Instructions to follow
From the records below, please print only the lines from the one containing "So, Kabelbaum ist" through the one containing "アメリカンスタイルのラグジュ", both included. Skip the pictures.

The records
###

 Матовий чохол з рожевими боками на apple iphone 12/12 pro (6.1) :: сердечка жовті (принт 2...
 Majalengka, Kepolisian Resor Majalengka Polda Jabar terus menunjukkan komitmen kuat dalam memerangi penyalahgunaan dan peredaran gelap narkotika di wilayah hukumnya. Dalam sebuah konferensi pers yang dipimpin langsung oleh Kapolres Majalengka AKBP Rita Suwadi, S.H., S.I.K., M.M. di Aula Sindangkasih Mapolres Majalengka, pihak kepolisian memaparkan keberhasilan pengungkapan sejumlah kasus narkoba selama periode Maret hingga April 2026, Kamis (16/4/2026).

###

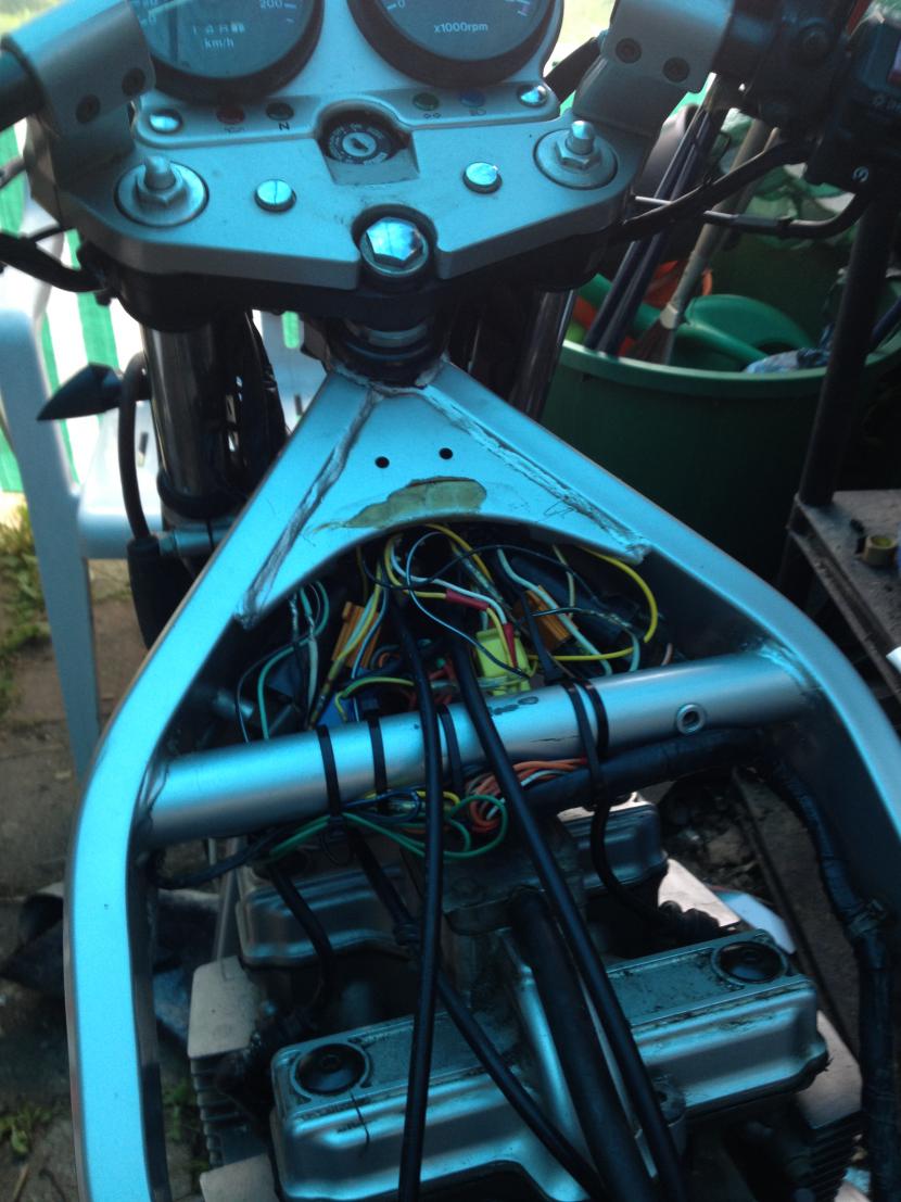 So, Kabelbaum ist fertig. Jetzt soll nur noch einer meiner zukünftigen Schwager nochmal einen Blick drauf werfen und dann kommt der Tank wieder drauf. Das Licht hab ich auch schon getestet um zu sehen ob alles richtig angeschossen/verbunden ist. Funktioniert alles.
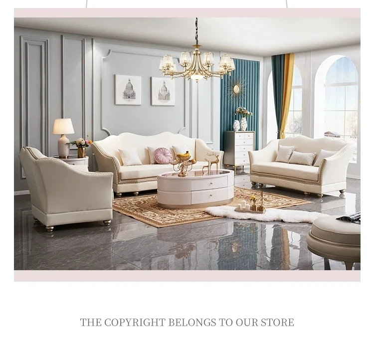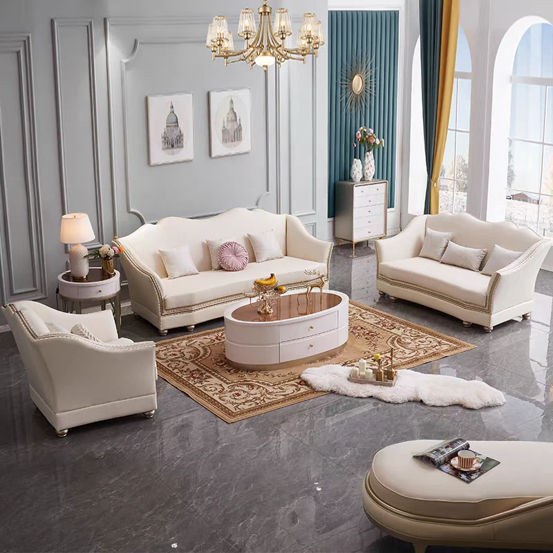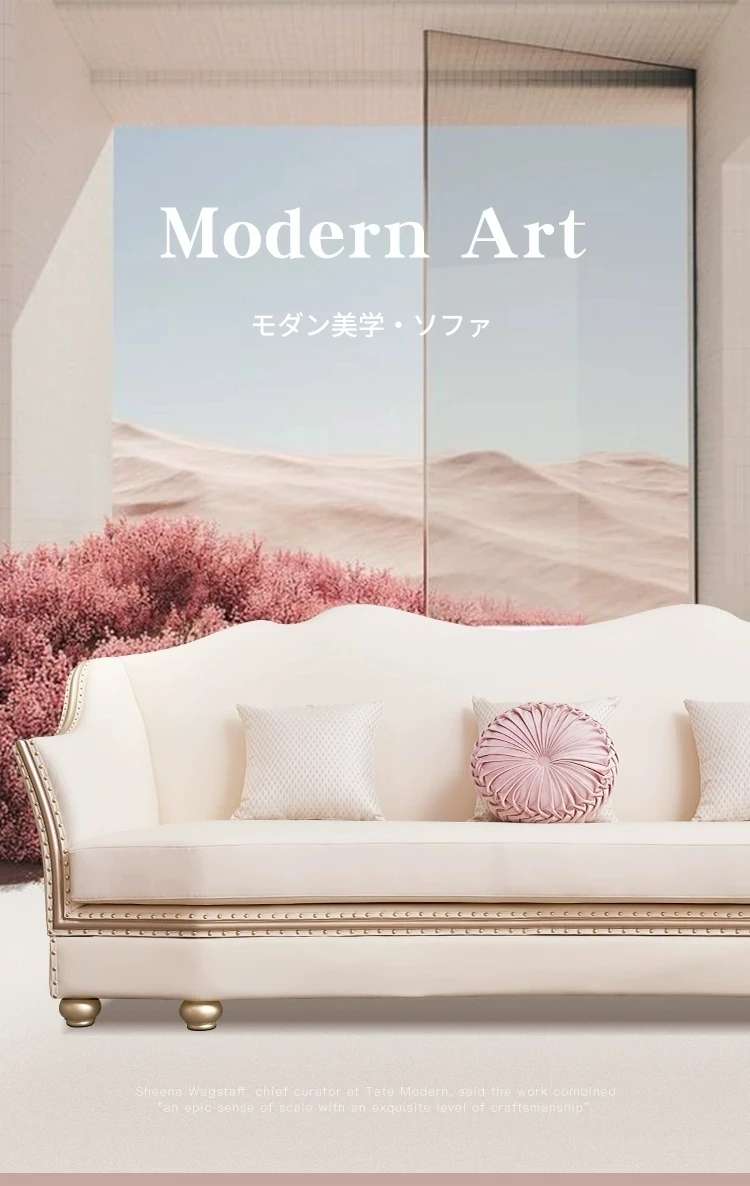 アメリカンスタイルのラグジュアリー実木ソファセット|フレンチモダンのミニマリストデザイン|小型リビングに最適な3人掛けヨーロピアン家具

###

Completed task
 So, Kabelbaum ist fertig. Jetzt soll nur noch einer meiner zukünftigen Schwager nochmal einen Blick drauf werfen und dann kommt der Tank wieder drauf. Das Licht hab ich auch schon getestet um zu sehen ob alles richtig angeschossen/verbunden ist. Funktioniert alles.
 アメリカンスタイルのラグジュアリー実木ソファセット|フレンチモダンのミニマリストデザイン|小型リビングに最適な3人掛けヨーロピアン家具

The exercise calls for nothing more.